> **Source records**:
== Segment start ==

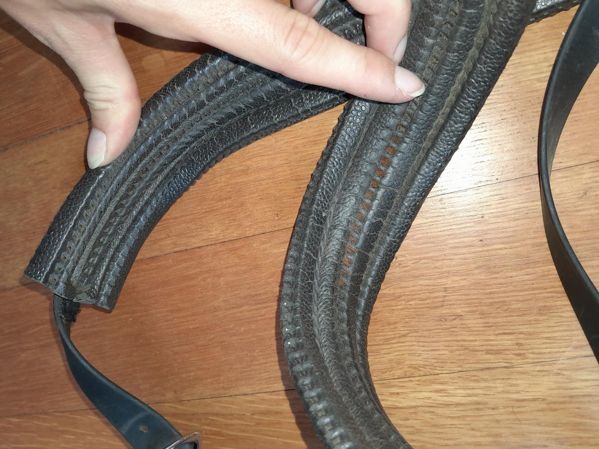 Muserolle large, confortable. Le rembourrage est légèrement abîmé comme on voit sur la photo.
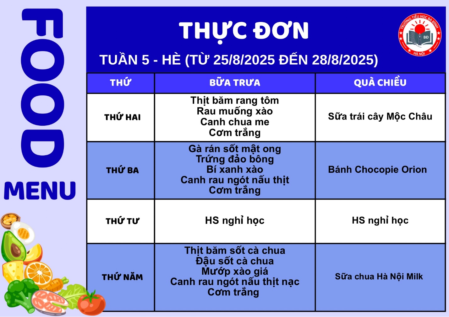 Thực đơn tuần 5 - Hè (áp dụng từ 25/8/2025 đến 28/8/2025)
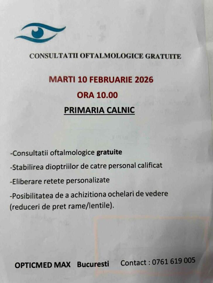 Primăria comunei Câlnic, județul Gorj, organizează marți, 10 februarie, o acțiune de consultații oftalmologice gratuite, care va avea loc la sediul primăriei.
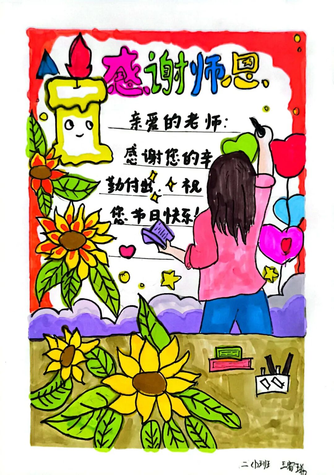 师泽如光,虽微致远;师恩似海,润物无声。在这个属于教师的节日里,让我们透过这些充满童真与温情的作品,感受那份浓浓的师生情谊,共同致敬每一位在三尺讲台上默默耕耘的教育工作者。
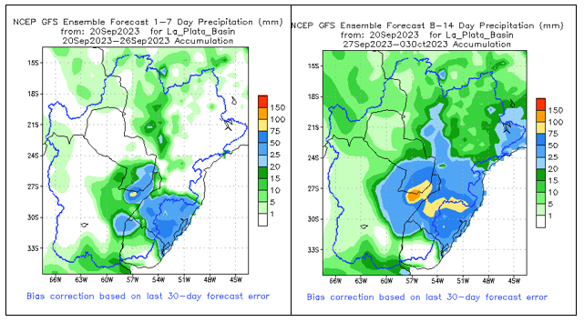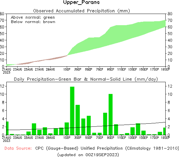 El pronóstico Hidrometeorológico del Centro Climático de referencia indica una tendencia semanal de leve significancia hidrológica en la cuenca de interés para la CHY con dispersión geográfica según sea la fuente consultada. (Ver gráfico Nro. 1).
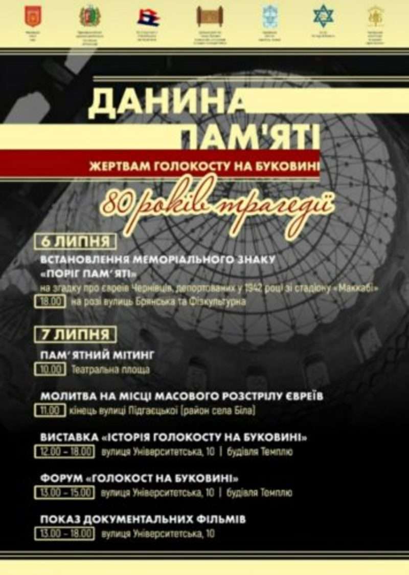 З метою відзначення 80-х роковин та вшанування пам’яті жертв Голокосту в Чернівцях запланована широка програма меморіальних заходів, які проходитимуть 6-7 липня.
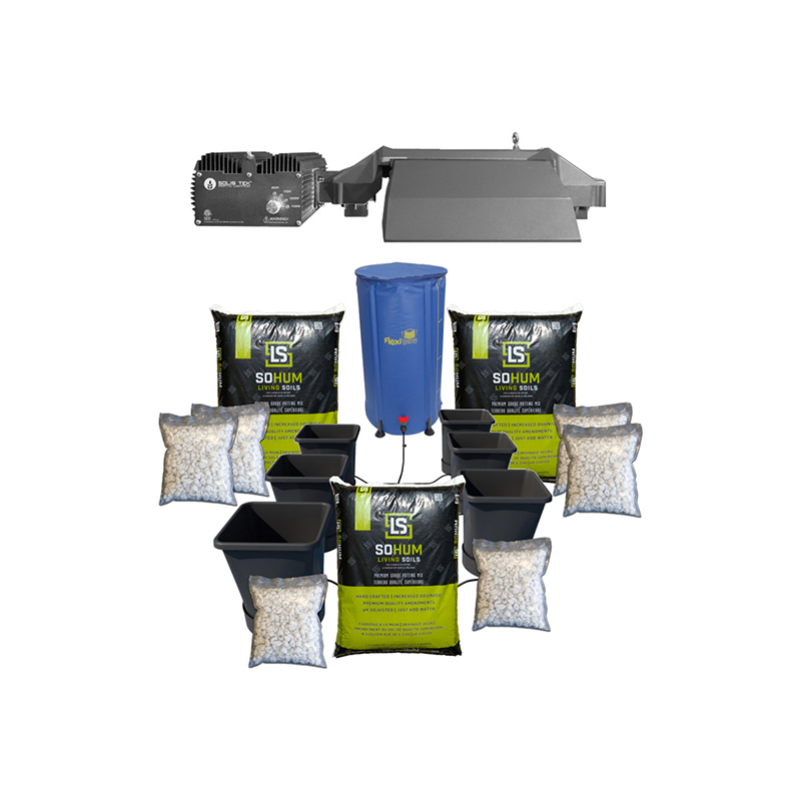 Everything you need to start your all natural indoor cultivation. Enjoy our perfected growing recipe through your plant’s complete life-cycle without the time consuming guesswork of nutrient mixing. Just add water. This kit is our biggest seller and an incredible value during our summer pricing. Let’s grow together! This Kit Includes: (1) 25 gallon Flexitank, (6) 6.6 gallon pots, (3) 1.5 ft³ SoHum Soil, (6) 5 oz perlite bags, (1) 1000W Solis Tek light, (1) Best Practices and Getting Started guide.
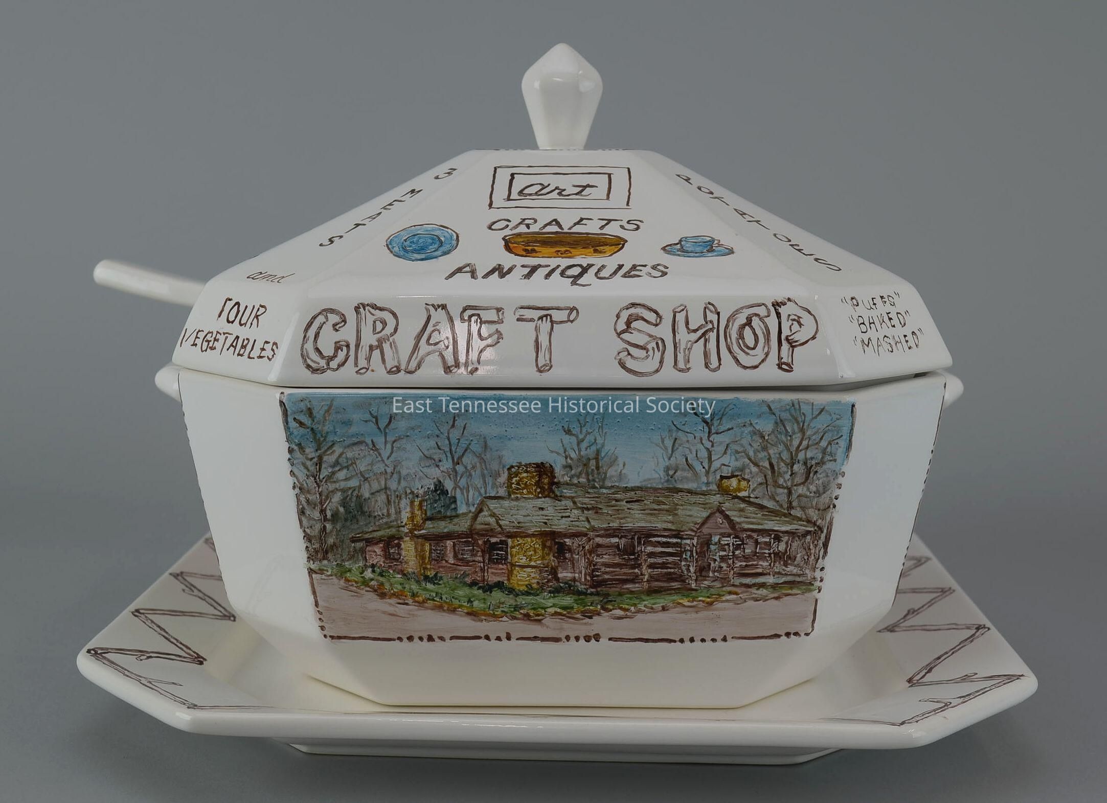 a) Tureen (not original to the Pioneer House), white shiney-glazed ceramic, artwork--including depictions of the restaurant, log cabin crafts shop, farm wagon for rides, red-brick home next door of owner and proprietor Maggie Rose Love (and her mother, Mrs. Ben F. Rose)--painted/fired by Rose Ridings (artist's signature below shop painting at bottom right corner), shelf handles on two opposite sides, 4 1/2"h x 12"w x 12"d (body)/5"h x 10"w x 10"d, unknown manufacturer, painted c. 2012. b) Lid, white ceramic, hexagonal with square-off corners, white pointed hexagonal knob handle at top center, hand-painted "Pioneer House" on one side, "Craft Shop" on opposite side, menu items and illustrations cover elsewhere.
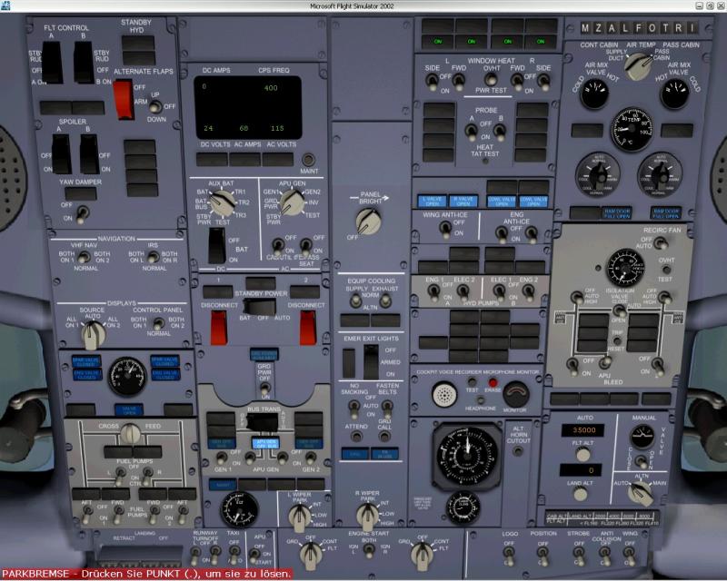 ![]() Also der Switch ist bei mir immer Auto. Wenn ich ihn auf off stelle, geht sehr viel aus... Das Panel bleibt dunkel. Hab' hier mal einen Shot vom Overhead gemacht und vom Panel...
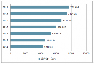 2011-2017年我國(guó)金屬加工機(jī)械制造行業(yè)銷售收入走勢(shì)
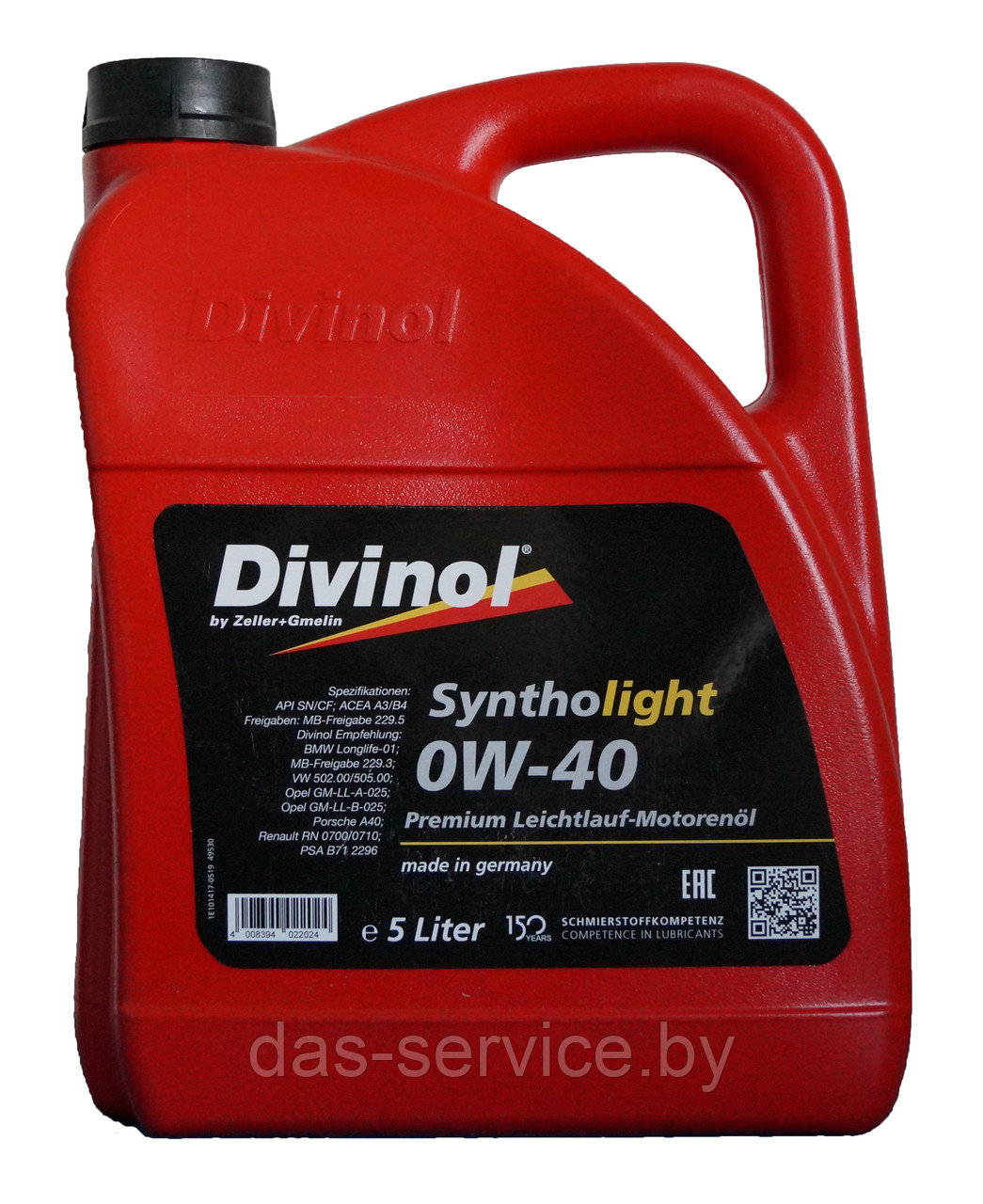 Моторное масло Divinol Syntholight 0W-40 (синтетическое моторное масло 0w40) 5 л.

== Segment end ==

> **Instructions to follow**:
Please transcribe exactly the lines from the one containing "und vom Panel..." through the final line of the data, including both, and nothing else. Pictures are to be left out.

> **Response to this task**:
 ![]() Also der Switch ist bei mir immer Auto. Wenn ich ihn auf off stelle, geht sehr viel aus... Das Panel bleibt dunkel. Hab' hier mal einen Shot vom Overhead gemacht und vom Panel...
 2011-2017年我國(guó)金屬加工機(jī)械制造行業(yè)銷售收入走勢(shì)
 Моторное масло Divinol Syntholight 0W-40 (синтетическое моторное масло 0w40) 5 л.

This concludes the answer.